Adriaan van Os wrote:
Frank Heckenbach wrote:
Now, a local "no-unused-warnings" options would be finer-grained than `W-', but still not as much as possible. For one thing, it concerns all parameters. One can imagine a fixed parameter form where some parameters are always needed, and some are "optional", so you do want warnings if you don't used the required parameters.
It depends on the implementation, it could be as fine-grained as we want it to be. So, if we need control over individual parameters, local warning directives could be put in the header around individual parameters.
Another thing, you'd have to enclose the whole routine (not just the header) with this option since the fact that parameters are unused turns out at the end of the routine (unless you put the directive around the final `end;' or such which also obscures the matter).
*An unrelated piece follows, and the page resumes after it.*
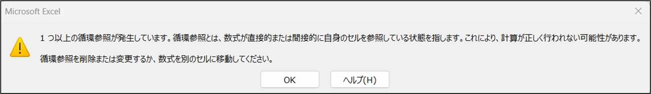 循環参照とは、計算結果を表示するセルに数式が入ったセル自身を入れてしまった場合や、その値に依存するセルを入れてしまった場合に起こるエラーのことです。 Excel定義ファイルをいた際に「ご注意ください。 ブックに循環参照が見つかったため、数式を正しく計算できない可能性があります。」のメッセージが表示されます。

That would indeed obscure the matter. What I like about Pascal is writing software that achieves the highest possible degree of transparency and translucency. A Pascal algorithm shouldn't be a bunch of tricks but an elegant expression of clear logical ideas. So, in this case, if we want the advantages of unused-parameter checking, we need a way to say "hey, this is a routine with unused parameters" or "hey, this parameter is unused". That information belongs in the header, not in the body. Next, it is a matter of compiler implementation to use that information to do the actual unused-parameter check in the body (or not). The compiler could/should remember all information specified in the header, including compiler directives.
It seems you misunderstand what compiler directives are or how they work. Compiler directives (as in GPC, and AFAIK also BP, Delphi and other compilers) switch certain compiler settings *while* the source is being processed.
The `-Wunused...' options mean (by definition) "warn about all undefined ...'s". Making it a compiler directive would then mean "warn about all undefined ...'s while the directive is turned on".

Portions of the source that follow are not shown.